ABOUT THIS TASK
From the entries below, print exactly the span beginning with the line holding "然后重启项目,就可以发现,8080 端口已经无法访问了,但8081 可以。" and ending with the line holding "Wir freuen uns", endpoints included, and skip any pictures.

___ DATA SHOWN

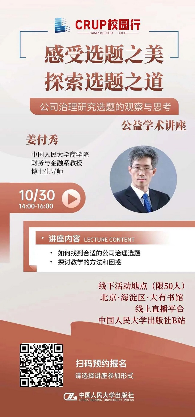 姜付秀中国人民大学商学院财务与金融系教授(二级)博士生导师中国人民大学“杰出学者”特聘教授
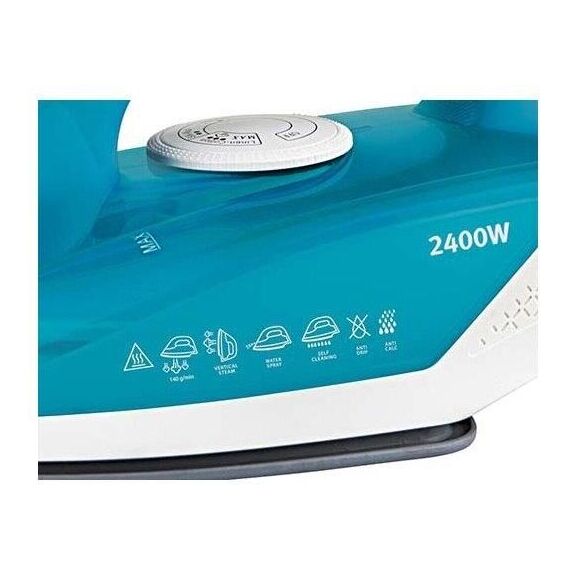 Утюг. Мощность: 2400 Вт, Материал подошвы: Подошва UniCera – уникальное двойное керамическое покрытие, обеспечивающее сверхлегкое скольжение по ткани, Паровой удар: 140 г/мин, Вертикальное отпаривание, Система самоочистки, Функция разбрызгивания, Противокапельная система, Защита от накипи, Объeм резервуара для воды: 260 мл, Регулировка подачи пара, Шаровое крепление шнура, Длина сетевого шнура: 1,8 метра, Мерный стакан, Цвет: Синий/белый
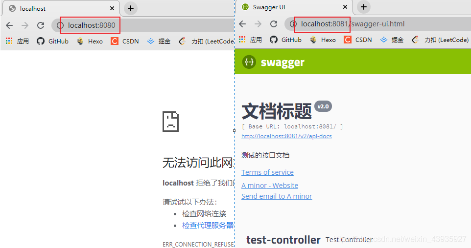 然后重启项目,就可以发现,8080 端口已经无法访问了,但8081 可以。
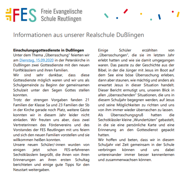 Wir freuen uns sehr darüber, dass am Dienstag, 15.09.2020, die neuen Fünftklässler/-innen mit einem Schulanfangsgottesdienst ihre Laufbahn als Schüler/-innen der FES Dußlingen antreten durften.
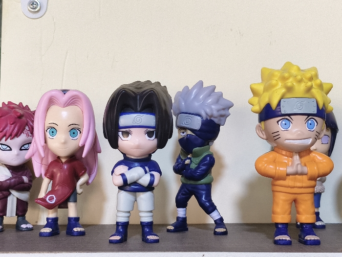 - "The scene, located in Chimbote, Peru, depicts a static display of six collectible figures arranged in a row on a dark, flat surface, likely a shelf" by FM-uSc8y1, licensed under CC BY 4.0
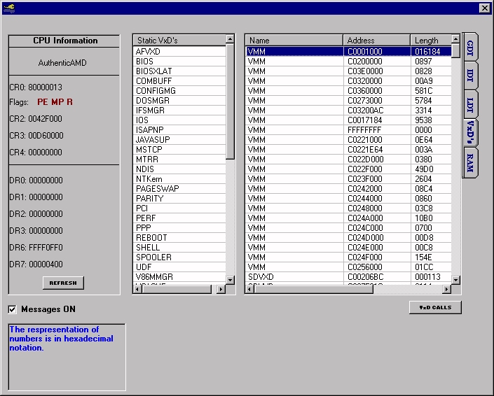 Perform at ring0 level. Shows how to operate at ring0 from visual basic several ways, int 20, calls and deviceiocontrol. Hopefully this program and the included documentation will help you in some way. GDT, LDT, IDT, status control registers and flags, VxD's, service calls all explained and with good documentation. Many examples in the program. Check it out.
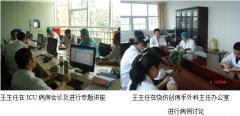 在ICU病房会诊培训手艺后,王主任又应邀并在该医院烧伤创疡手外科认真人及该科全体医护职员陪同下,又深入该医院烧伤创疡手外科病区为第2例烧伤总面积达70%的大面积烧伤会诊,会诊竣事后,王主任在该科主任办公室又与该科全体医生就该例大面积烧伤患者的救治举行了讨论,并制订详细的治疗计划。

______

EXERCISE OUTPUT
 然后重启项目,就可以发现,8080 端口已经无法访问了,但8081 可以。
 Wir freuen uns sehr darüber, dass am Dienstag, 15.09.2020, die neuen Fünftklässler/-innen mit einem Schulanfangsgottesdienst ihre Laufbahn als Schüler/-innen der FES Dußlingen antreten durften.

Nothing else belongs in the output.